◆ TASK PROMPT ◆
Every line from the top of the records through the one bearing "- 490Перечень мероприятий" is to be reproduced exactly, and pictures are to be left out.

◆ DATA RECORDS ◆
☆ ☆ ☆ ☆

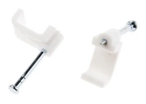 Podczas montażu zacisków należy stosować odpowiednie środki ochrony oczu. Kabel prostokątny - zaciski. Formowane zaciski kabli PVC do kabli dwuprzewodowych +ECC i potrójnych +ECC do montażu powierzchniowego. Komplet z utwardzonymi paznokciami.
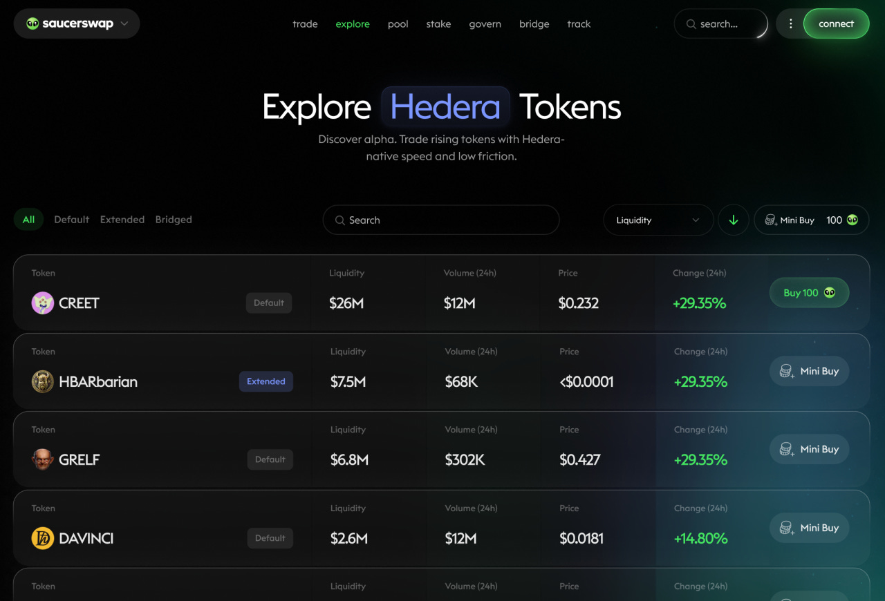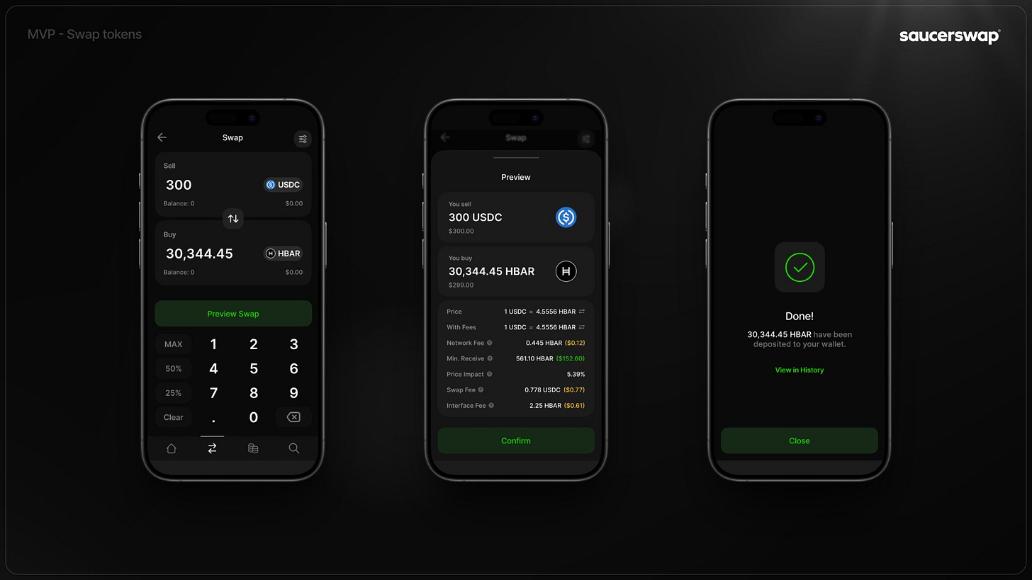 Todo lo que genera SaucerSwap se reinvierte en mejorar la plataforma: desde contratar ingenieros hasta pulir el diseño y promocionarla. No inflamos el suministro de tokens para financiar esto, preferimos ser claros y sostenibles con un modelo que beneficia a todos.¿Qué trae de nuevo la app móvil?
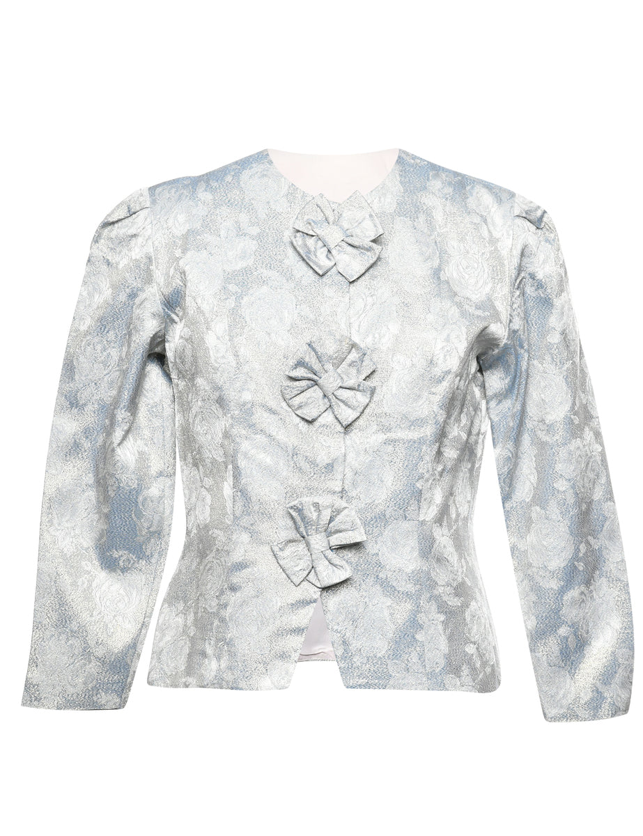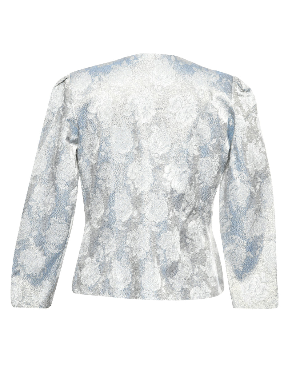 Lurex thread pattern evening jacket with floral print. Comes in silver with full lining and removable shoulder pads.
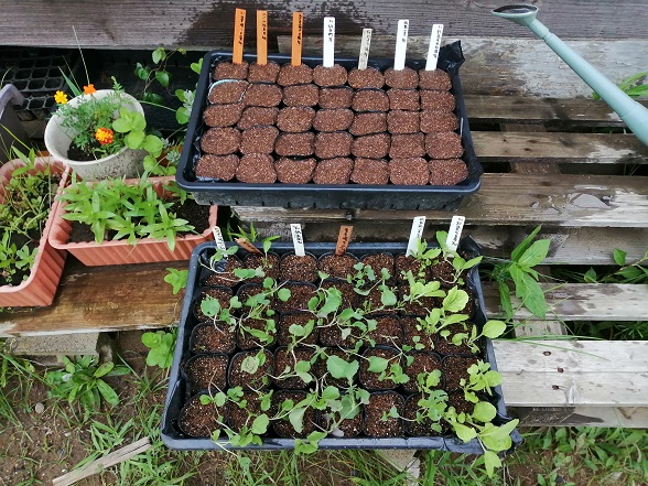 それでも上手に定植すれば、その後の成長にはあまり影響が無いことは経験から確認できているので、定植することにしましたが、念の為、再度種まきをしました。
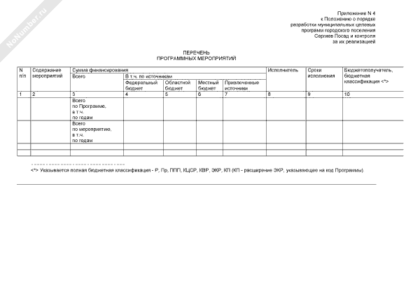 - 490Перечень мероприятий по выполнению муниципальной целевой программы городского поселения Сергиев Посад Московской области
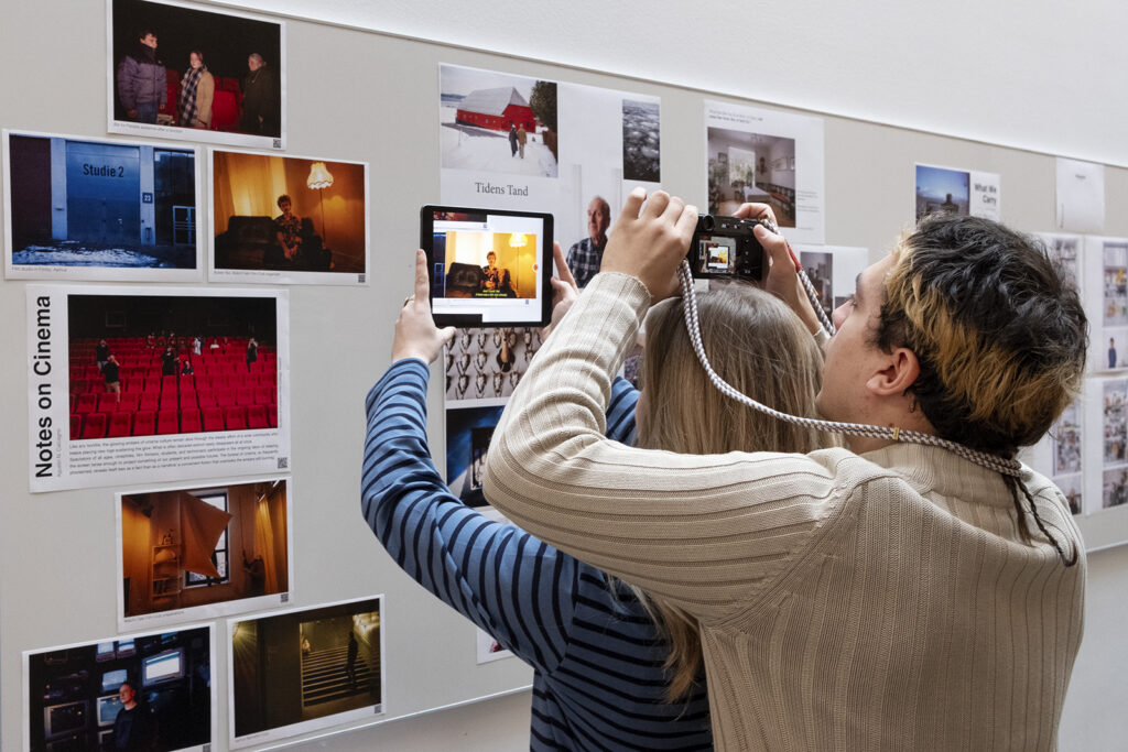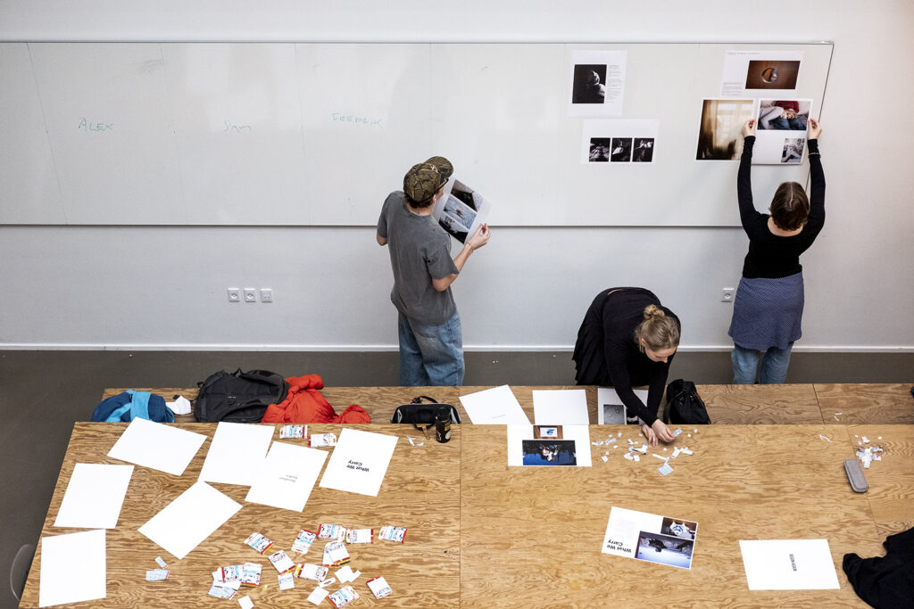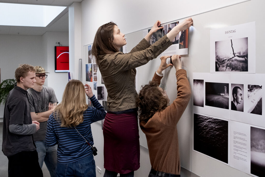 From leftMikkel Odd Højgaard, Lilly Vergnes and Ingrid Laub Ahlmann Olesen preparing and hanging their exhibition prints. Photo: Søren Pagter/DMJXFront from left: Camilla Matteoni, Louise Joenen and Claire Nguyen. Back from left: Agustin Nuñez Calcagno, Laura Juul Pallesen and Cora Trinkaus. Photo: Søren Pagter/DMJXLouise Joenen and Alexander Jæger Thorsager Nørbjerg waiting for the rest of the students to finish their displays. Photo: Søren Pagter/DMJXFrom left Alexander Jæger Thorsager Nørbjerg, Mikkel Odd Højgaard, Louise Joenen, Emma Brink Laursen and Carl Ravnbak. Photo: Søren Pagter/DMJXGuests visiting the exhibition just before the opening. Photo: Søren Pagter/DMJXLouise Joenen trying Agustin Nuñez Calcagno’s interactive exhibition, where you can watch short videos when holding a device in front of the image. Photo: Søren Pagter/DMJXThe students watching and reading each other’s stories. From left it is Carl Ravnbak, Agustin Nuñez Calcagno, Sadiq Al-Harasi, Bertil Georg Konow and Alexander Jæger Thorsager Nørbjerg. Photo: Søren Pagter/DMJXFrom left: Ingrid Laub Ahlmann Olesen, Matilda Feline Frank Rasmussen, Mathilde Wymer Poulsen, Lilly Vergnes, Cora Trinkaus, Bertil Georg Konow and Alexander Jæger Thorsager Nørbjerg. Photo: Søren Pagter/DMJX
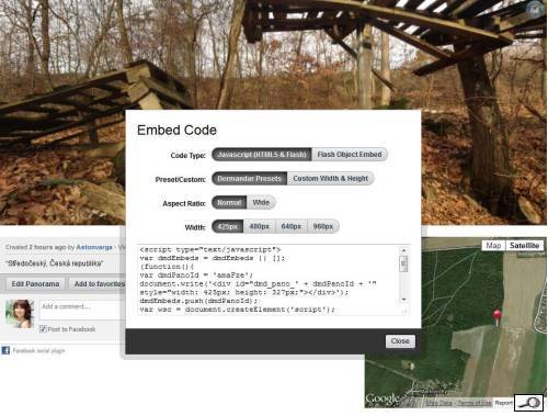 App komunikuje s domovským serverem Dermandar. Na něj můžete nahrávat panoramata. Do nějakého Flickru nebo Picassy to mná daleko, panorama veřejně přístupná se zobrazují více méně nahodile, nebo podle blízkosti (je tu lokalizace, tady v obrázku je zakukleno místo, kde byl pořízen) a pak jsou tu čerstvá panorama – ale ta kupodivu nesou pozdější datum než ona nahodilá. S tím si netřeba lámat hlavu, podstatné je něco jiného: uděláte si tu obvyklým způsobem účet a pak si můžete panorama promítnout, uvidíte mapu a hlavně, získáte script, který si můžete umístit do webové stránky nebo dát na Facebook.
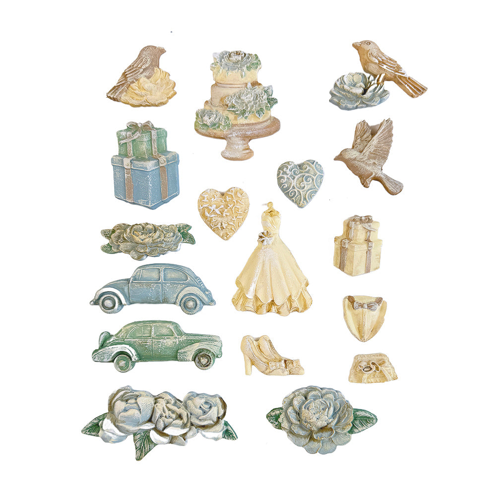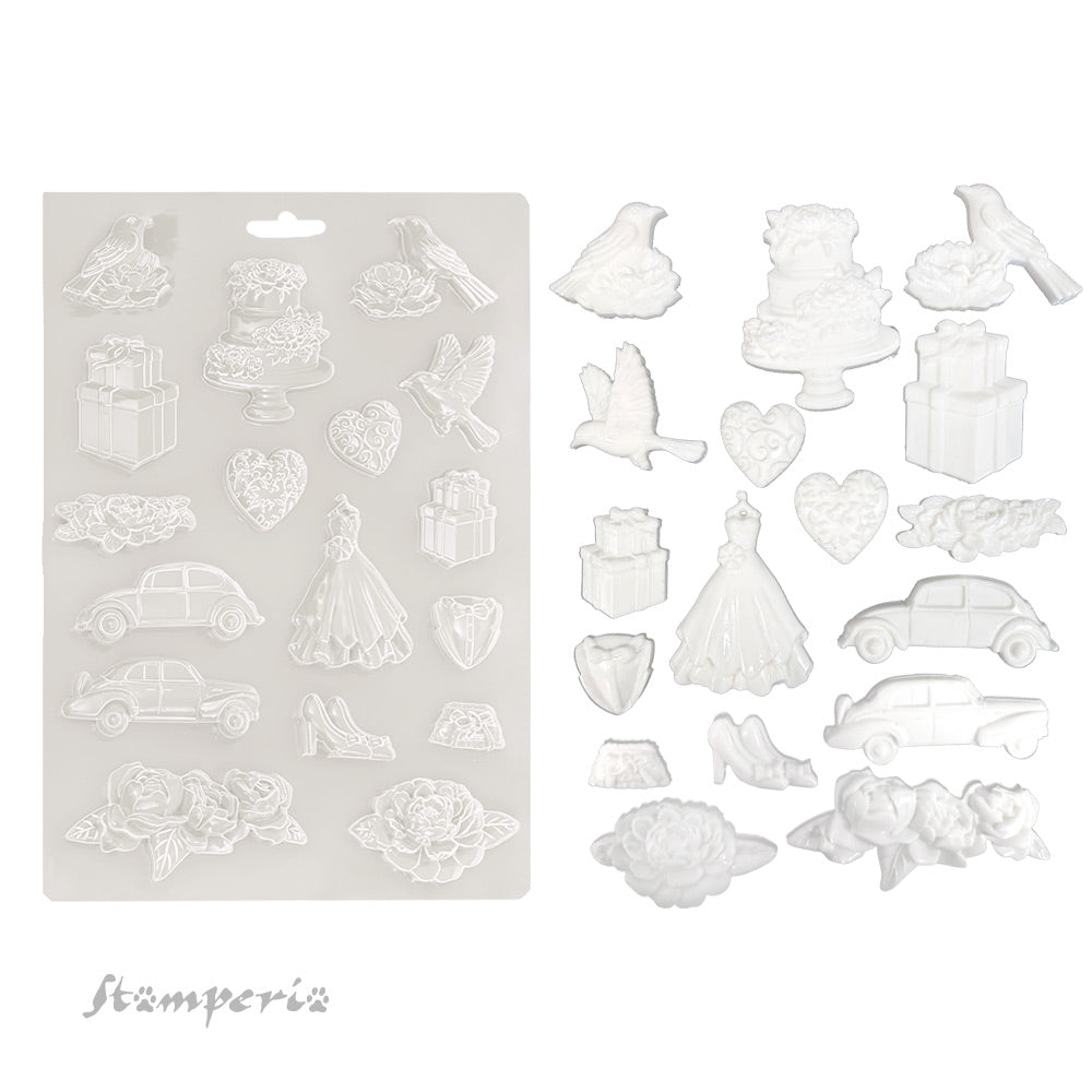 Timeless by Emilia Sieradzan, part of the Romantic Collection, is designed to cherish life’s sweetest and most intimate moments while celebrating love and charm. This versatile soft mold is ideal for use with materials like soft clay, resin, and more. Simply fill the mold, let it dry, and then remove the detailed shapes with ease. Measuring approximately 8 x 11 inches, this mold features 17 romantic and vintage-inspired designs, including birds, flowers, vintage cars, hearts, a wedding dress and part of a tuxedo, gifts, shoes, a purse, and a tiered cake. Perfect for adding dimensional embellishments to paper crafts, journals, mixed media, and wedding-themed projects.
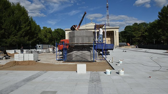 В настоящий момент основные работы по благоустройству практически закончены. Сейчас там идет укладка плитки из светлого гранита, проложены коммуникации для отведения воды и устройства наружного освещения.

☆ ☆ ☆ ☆

◆ SOLUTION FOR THIS EXERCISE ◆
 Podczas montażu zacisków należy stosować odpowiednie środki ochrony oczu. Kabel prostokątny - zaciski. Formowane zaciski kabli PVC do kabli dwuprzewodowych +ECC i potrójnych +ECC do montażu powierzchniowego. Komplet z utwardzonymi paznokciami.
 Todo lo que genera SaucerSwap se reinvierte en mejorar la plataforma: desde contratar ingenieros hasta pulir el diseño y promocionarla. No inflamos el suministro de tokens para financiar esto, preferimos ser claros y sostenibles con un modelo que beneficia a todos.¿Qué trae de nuevo la app móvil?
 Lurex thread pattern evening jacket with floral print. Comes in silver with full lining and removable shoulder pads.
 それでも上手に定植すれば、その後の成長にはあまり影響が無いことは経験から確認できているので、定植することにしましたが、念の為、再度種まきをしました。
 - 490Перечень мероприятий по выполнению муниципальной целевой программы городского поселения Сергиев Посад Московской области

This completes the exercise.